I think an important point is that people can be wrong about timelines in both directions. Anthropic's official public prediction is that they expect "country of geniuses in a data center" by early 2027. I heard that previously Dario predicted AGI to come even earlier, by 2024 (though I can't find any source for this now and would be grateful if someone found a source or corrected me that I'm misremembering). Situational Awareness predicts AGI by 2027. The AI safety community's most successful public output is called AI 2027. These are not fringe figures but some of the most prominent voices in the broader AI safety community. If their timelines turn out to be much too short (as I currently expect), then I think Ajeya's predictions deserve credit for pushing against these voices, and not only blame for stating a too long timeline.
And I feel it's not really true that you were just saying "I don't know" and not implying some predictions yourself. You had the 20230 bet with Bryan. You had the tweet about children not living to see kindergarten. You strongly pushed back against the 2050 timelines, but as far as I know the only time you pushed back agains the very aggressive timelines was your kindergarten tweet, which still implies 2028 timelines. You are now repeatedly calling people who believed the 2050 timelines total fools, which would be an imo very unfair thing to do if AGI arrived after 2037, so I think this implies high confidence on your part that it will come before 2037.
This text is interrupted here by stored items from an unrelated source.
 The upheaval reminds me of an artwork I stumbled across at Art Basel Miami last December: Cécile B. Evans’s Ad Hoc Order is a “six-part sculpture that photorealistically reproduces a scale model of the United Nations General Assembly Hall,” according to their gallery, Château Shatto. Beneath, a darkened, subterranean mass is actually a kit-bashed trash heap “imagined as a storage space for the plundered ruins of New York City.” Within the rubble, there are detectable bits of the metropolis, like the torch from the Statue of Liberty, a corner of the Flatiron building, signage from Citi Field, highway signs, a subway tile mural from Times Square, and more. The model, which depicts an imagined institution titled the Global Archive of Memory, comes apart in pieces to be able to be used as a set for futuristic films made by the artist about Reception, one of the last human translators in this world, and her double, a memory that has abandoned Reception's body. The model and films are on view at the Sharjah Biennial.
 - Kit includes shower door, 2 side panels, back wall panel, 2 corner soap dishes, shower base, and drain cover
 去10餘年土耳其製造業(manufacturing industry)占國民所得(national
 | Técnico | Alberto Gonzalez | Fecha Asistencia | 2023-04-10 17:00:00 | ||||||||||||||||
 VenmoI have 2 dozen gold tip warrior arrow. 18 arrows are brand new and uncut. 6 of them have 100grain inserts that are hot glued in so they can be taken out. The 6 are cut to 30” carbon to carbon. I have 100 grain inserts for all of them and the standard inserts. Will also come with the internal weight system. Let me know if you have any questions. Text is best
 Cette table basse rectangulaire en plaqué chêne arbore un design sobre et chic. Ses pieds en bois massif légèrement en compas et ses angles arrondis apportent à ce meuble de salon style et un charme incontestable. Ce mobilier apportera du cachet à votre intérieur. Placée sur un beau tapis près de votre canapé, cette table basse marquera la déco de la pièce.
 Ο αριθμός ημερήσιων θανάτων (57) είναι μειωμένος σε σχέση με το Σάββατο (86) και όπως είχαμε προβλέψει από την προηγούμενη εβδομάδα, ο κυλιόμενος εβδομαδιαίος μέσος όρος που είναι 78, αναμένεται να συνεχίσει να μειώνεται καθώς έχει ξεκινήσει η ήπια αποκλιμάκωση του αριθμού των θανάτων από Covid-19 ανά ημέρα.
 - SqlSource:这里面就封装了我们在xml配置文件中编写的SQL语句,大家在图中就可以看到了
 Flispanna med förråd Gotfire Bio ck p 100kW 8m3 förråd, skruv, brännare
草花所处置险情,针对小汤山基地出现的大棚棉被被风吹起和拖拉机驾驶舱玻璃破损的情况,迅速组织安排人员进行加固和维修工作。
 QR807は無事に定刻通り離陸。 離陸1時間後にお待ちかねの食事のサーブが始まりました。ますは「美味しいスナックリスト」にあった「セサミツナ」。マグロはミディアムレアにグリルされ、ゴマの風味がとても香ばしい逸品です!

To be clear, I think it's fine, and often inevitable, to imply things about your timelines beliefs by e.g. what you do and don't push back against. But I think it's not fair to claim that you only said "I don't know", I think your writing was (perhaps unintentionally?) implying an implicit belief that an AI capable of destroying humanity will come with a median of 2028-2030. I think this would have been a fine prediction to make, but if AI capable of destroying humanity comes after 2037 (which I think is close to 50-50), then I think your implicit predictions will fare worse than Ajeya's explicit predictions.